SELECT ?book ?bnb ?title WHERE {
    #Match the book by ISBN
    ?book bibo:isbn13 "9780729408745";
    #bind some variables to its other attributes
    blt:bnb ?bnb;
    dct:title ?title. }'''
sparql.setQuery(q)
sparql.setReturnFormat(JSON)
results = sparql.query().convert()
results

Assuming that the above test - using a provided example query - works, we can start to construct our own queries.

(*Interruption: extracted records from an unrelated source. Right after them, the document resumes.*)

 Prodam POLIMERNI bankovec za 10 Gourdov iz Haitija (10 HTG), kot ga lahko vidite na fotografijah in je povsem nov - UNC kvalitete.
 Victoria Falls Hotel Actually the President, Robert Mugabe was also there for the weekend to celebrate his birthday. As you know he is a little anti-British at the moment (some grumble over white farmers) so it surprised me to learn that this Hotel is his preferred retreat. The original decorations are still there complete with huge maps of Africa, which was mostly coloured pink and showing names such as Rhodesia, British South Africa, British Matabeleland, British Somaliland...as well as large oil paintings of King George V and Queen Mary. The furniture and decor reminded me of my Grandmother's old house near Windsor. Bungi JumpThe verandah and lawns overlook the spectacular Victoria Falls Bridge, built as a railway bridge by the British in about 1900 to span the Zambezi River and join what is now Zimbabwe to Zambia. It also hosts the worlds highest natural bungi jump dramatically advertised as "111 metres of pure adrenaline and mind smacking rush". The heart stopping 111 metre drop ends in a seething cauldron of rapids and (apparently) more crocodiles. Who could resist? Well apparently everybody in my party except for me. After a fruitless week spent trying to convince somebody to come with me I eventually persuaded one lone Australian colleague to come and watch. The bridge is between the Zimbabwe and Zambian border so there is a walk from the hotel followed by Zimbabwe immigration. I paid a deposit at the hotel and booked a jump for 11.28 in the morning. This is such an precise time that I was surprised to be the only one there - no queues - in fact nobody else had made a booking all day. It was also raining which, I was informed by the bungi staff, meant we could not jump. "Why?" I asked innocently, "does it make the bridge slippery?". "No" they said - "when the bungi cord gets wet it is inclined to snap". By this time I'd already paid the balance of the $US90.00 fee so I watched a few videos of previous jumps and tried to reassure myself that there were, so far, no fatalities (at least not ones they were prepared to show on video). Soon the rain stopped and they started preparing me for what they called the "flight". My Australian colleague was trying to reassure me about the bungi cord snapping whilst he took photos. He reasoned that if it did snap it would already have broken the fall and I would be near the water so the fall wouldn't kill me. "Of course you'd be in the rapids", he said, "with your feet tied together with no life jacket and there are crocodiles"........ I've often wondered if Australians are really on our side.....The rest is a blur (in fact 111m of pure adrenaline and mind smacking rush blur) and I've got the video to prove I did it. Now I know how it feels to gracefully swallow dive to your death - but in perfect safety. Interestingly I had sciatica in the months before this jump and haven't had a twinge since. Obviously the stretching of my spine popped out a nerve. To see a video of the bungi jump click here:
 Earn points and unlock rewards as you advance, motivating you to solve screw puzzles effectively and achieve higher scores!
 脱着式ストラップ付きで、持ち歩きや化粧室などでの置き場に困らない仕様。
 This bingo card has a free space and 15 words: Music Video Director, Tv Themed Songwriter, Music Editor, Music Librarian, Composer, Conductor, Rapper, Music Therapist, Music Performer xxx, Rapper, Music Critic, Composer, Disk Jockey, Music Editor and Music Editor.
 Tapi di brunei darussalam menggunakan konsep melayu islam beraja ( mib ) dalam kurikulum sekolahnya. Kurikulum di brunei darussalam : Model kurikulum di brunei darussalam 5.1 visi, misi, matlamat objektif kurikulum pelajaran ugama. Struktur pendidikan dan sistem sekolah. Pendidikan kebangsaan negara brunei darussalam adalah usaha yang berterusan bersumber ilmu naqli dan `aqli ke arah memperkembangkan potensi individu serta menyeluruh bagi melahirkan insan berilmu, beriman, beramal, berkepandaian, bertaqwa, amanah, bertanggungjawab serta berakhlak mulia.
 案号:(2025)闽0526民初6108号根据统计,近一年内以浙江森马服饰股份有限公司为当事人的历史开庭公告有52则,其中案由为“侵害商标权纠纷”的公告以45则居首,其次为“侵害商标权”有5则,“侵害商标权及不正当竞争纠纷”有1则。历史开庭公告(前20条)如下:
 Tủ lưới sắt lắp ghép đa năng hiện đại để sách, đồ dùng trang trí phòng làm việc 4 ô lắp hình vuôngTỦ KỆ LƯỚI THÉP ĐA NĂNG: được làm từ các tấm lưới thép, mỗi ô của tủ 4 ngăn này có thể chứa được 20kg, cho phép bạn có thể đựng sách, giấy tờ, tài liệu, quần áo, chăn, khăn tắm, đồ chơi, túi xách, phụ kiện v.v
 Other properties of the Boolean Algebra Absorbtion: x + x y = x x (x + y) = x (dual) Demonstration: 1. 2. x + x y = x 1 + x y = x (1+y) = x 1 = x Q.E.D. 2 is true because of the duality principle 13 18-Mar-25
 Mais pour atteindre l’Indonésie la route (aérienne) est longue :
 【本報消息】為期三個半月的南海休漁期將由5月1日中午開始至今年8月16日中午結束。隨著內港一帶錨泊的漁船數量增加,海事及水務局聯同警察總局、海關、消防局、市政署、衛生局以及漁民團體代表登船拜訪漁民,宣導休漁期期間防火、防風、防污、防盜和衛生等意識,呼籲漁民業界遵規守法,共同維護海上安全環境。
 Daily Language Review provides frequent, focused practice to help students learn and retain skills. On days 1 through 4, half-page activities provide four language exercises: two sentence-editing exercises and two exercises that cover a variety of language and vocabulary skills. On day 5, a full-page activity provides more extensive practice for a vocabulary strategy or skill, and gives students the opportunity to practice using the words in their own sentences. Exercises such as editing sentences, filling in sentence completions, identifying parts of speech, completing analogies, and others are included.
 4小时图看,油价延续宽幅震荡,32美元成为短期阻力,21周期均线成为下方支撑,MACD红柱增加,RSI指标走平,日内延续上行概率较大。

We'll follow the suggested approach of building up a comprehensive prefix statement that we can make use of in any query to the endpoint. If we come across further useful prefixes, we can add them in.

In [ ]:

#Declare a standard, if exhaustive, list of prefixes we can apply to each query
#Don't leave white space on the left hand side...
prefix='''
PREFIX bibo: <http://purl.org/ontology/bibo/>
PREFIX bio: <http://purl.org/vocab/bio/0.1/>
PREFIX blt: <http://www.bl.uk/schemas/bibliographic/blterms#>
PREFIX dct: <http://purl.org/dc/terms/>
PREFIX event: <http://purl.org/NET/c4dm/event.owl#>
PREFIX foaf: <http://xmlns.com/foaf/0.1/>
PREFIX geo: <http://www.w3.org/2003/01/geo/wgs84_pos#>
PREFIX isbd: <http://iflastandards.info/ns/isbd/elements/>
PREFIX org: <http://www.w3.org/ns/org#>
PREFIX owl: <http://www.w3.org/2002/07/owl#>
PREFIX rda: <http://rdvocab.info/ElementsGr2/>
PREFIX rdf: <http://www.w3.org/1999/02/22-rdf-syntax-ns#>
PREFIX rdfs: <http://www.w3.org/2000/01/rdf-schema#>
PREFIX skos: <http://www.w3.org/2004/02/skos/core#>
PREFIX void: <http://rdfs.org/ns/void#>
PREFIX xsd: <http://www.w3.org/2001/XMLSchema#>
    
'''

Reviewing some of the other example queries, we can identify some useful query fragments.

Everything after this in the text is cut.